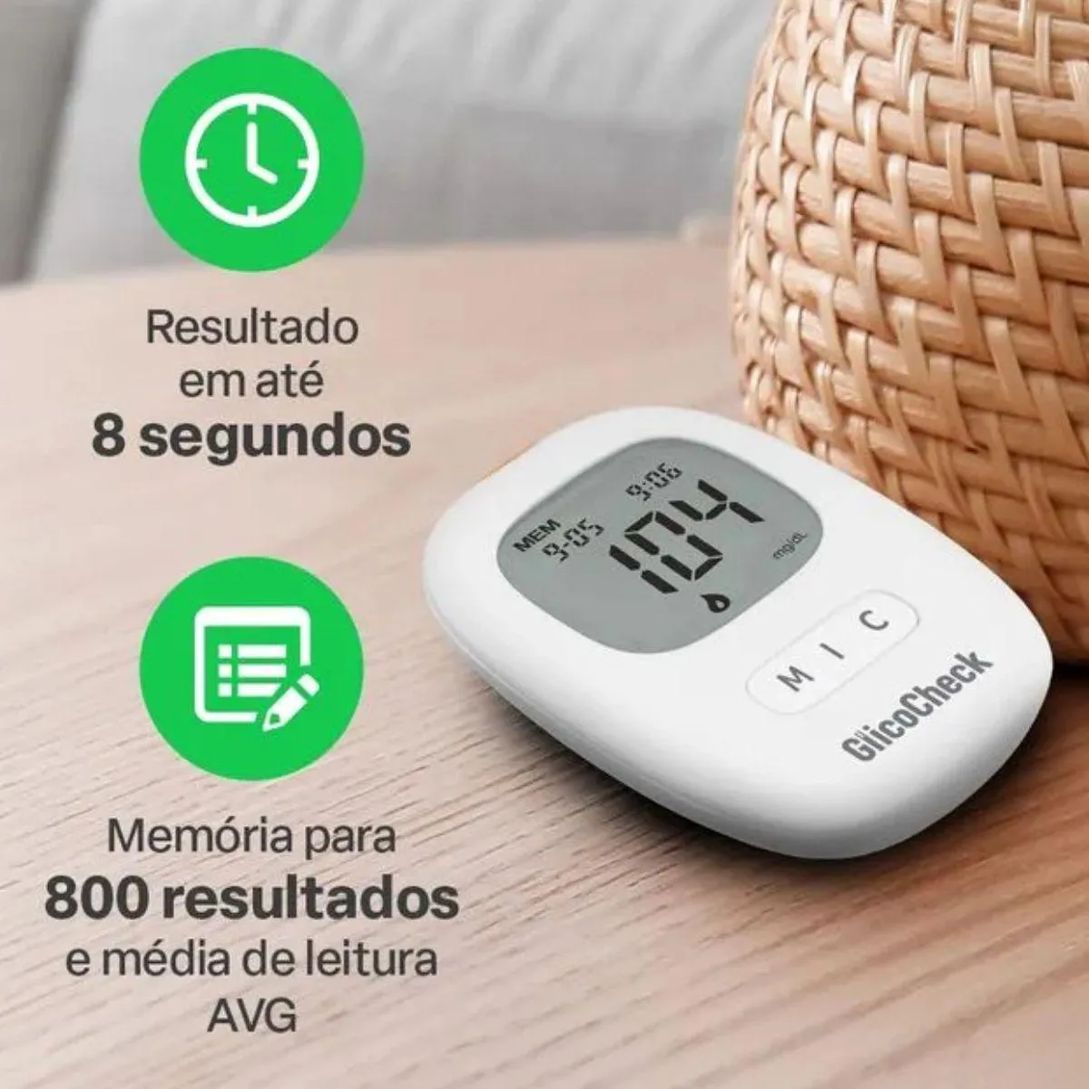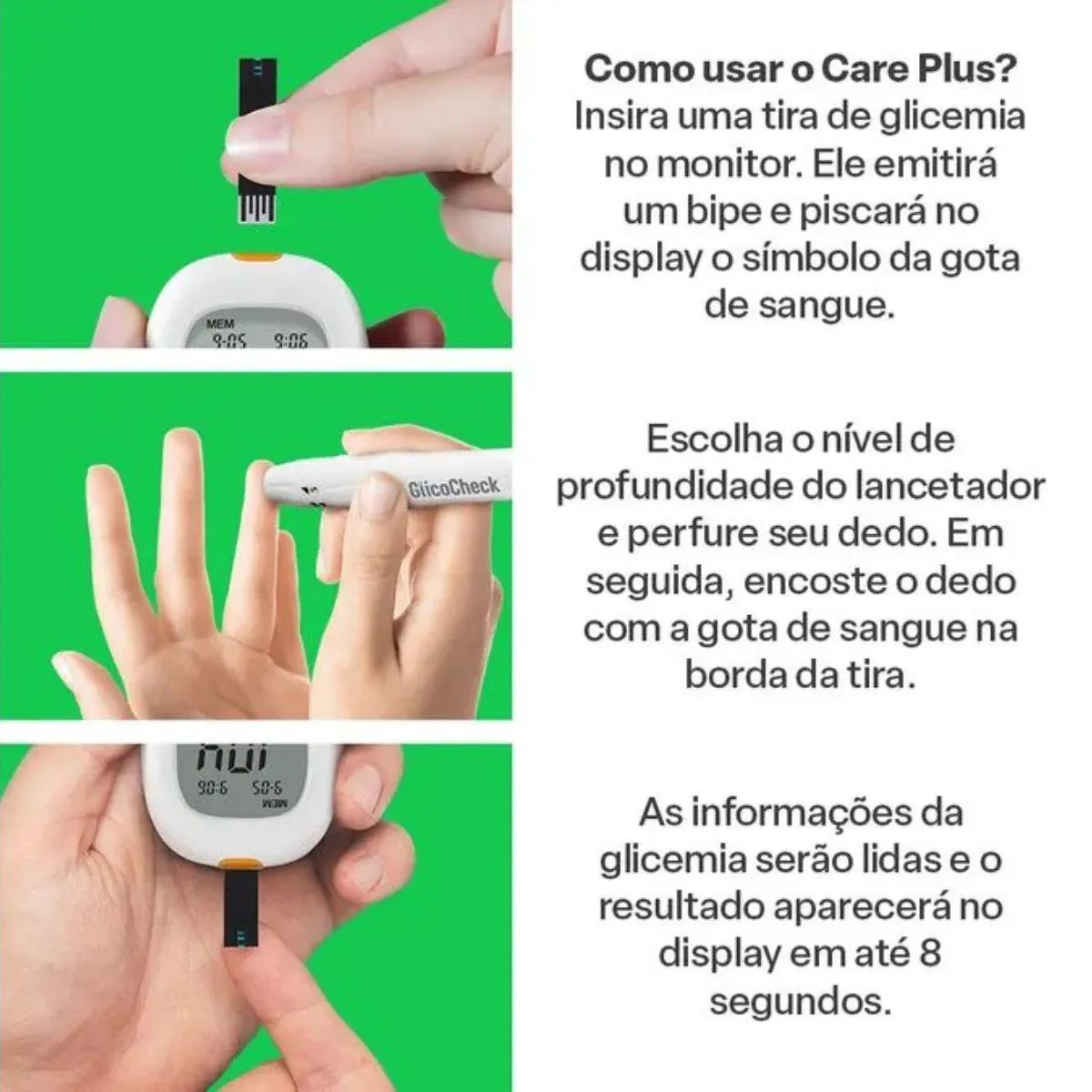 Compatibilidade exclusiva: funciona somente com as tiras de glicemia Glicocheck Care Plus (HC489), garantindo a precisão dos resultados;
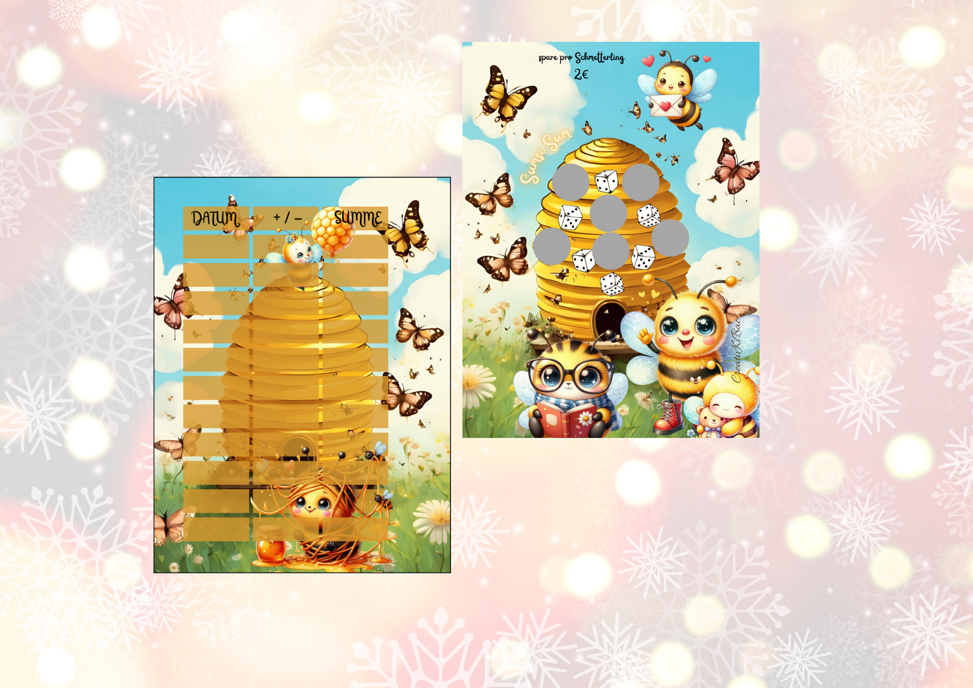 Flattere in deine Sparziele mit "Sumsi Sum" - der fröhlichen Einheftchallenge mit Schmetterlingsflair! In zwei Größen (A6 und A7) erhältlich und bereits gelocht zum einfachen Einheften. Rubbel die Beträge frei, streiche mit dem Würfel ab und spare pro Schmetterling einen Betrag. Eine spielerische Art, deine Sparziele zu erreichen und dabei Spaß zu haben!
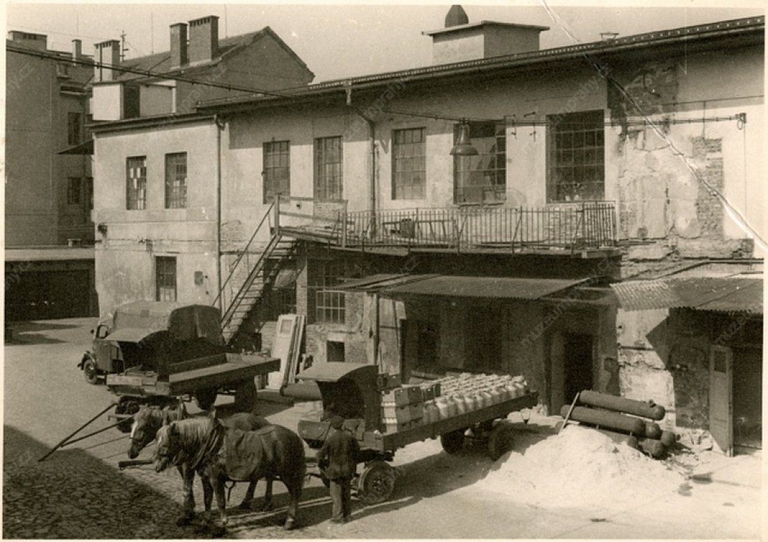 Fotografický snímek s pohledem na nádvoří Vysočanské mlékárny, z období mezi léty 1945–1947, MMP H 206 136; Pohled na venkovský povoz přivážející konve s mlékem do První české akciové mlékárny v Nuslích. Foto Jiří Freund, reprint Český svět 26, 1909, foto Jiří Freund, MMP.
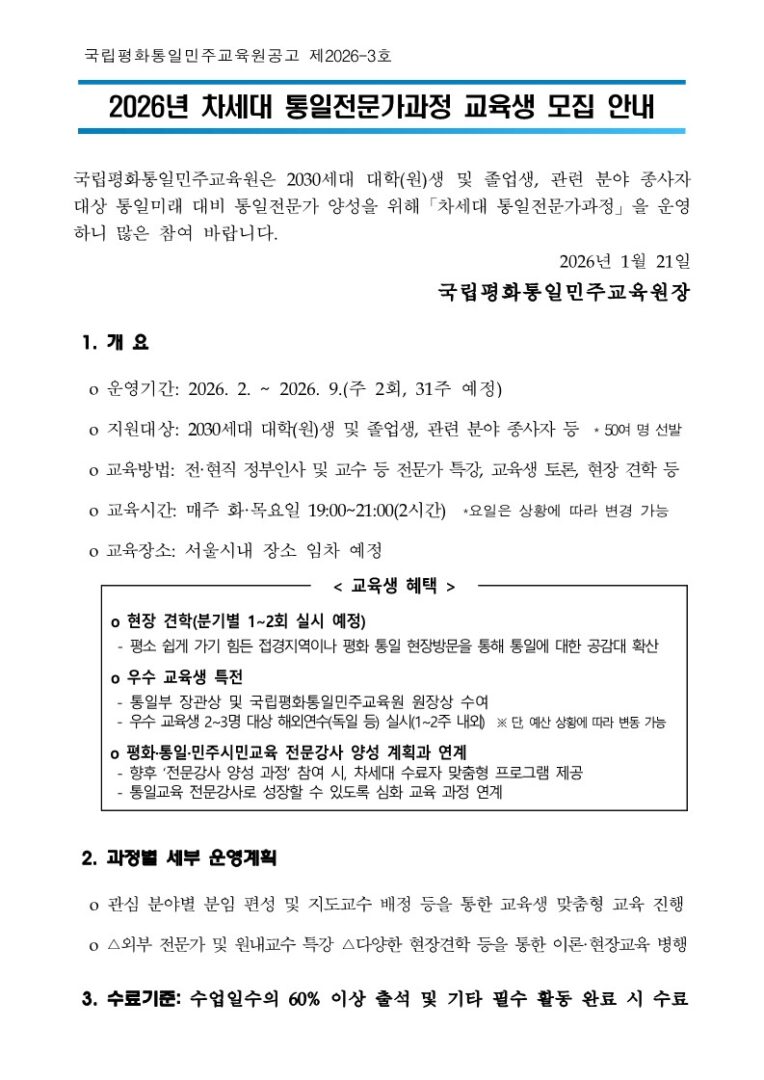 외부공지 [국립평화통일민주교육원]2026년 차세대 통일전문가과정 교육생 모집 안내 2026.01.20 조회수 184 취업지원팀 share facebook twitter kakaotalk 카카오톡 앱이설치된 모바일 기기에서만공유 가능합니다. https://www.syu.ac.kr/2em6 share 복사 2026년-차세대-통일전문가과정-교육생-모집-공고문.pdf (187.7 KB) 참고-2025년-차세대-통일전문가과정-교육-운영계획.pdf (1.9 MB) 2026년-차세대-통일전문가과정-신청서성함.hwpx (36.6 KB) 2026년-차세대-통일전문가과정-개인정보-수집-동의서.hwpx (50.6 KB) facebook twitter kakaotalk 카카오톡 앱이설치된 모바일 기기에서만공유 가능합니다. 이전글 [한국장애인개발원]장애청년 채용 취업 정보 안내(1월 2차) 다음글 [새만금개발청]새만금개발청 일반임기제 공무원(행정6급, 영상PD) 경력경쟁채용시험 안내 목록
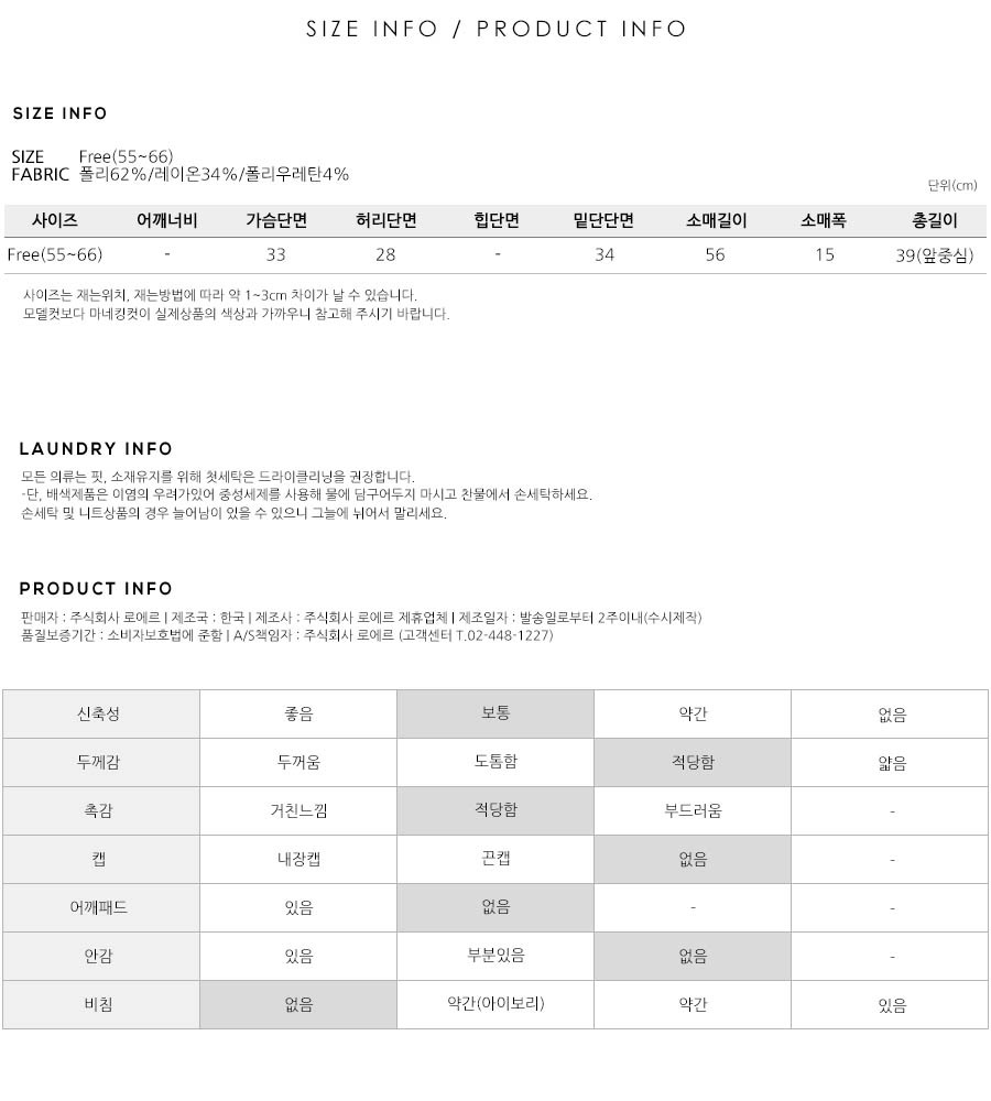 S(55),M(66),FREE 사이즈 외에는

----

__Work order__:
The expected output is each record, copied exactly, and nothing in place of the pictures.

__Response__:
 Compatibilidade exclusiva: funciona somente com as tiras de glicemia Glicocheck Care Plus (HC489), garantindo a precisão dos resultados;
 Flattere in deine Sparziele mit "Sumsi Sum" - der fröhlichen Einheftchallenge mit Schmetterlingsflair! In zwei Größen (A6 und A7) erhältlich und bereits gelocht zum einfachen Einheften. Rubbel die Beträge frei, streiche mit dem Würfel ab und spare pro Schmetterling einen Betrag. Eine spielerische Art, deine Sparziele zu erreichen und dabei Spaß zu haben!
 Fotografický snímek s pohledem na nádvoří Vysočanské mlékárny, z období mezi léty 1945–1947, MMP H 206 136; Pohled na venkovský povoz přivážející konve s mlékem do První české akciové mlékárny v Nuslích. Foto Jiří Freund, reprint Český svět 26, 1909, foto Jiří Freund, MMP.
 외부공지 [국립평화통일민주교육원]2026년 차세대 통일전문가과정 교육생 모집 안내 2026.01.20 조회수 184 취업지원팀 share facebook twitter kakaotalk 카카오톡 앱이설치된 모바일 기기에서만공유 가능합니다. https://www.syu.ac.kr/2em6 share 복사 2026년-차세대-통일전문가과정-교육생-모집-공고문.pdf (187.7 KB) 참고-2025년-차세대-통일전문가과정-교육-운영계획.pdf (1.9 MB) 2026년-차세대-통일전문가과정-신청서성함.hwpx (36.6 KB) 2026년-차세대-통일전문가과정-개인정보-수집-동의서.hwpx (50.6 KB) facebook twitter kakaotalk 카카오톡 앱이설치된 모바일 기기에서만공유 가능합니다. 이전글 [한국장애인개발원]장애청년 채용 취업 정보 안내(1월 2차) 다음글 [새만금개발청]새만금개발청 일반임기제 공무원(행정6급, 영상PD) 경력경쟁채용시험 안내 목록
 S(55),M(66),FREE 사이즈 외에는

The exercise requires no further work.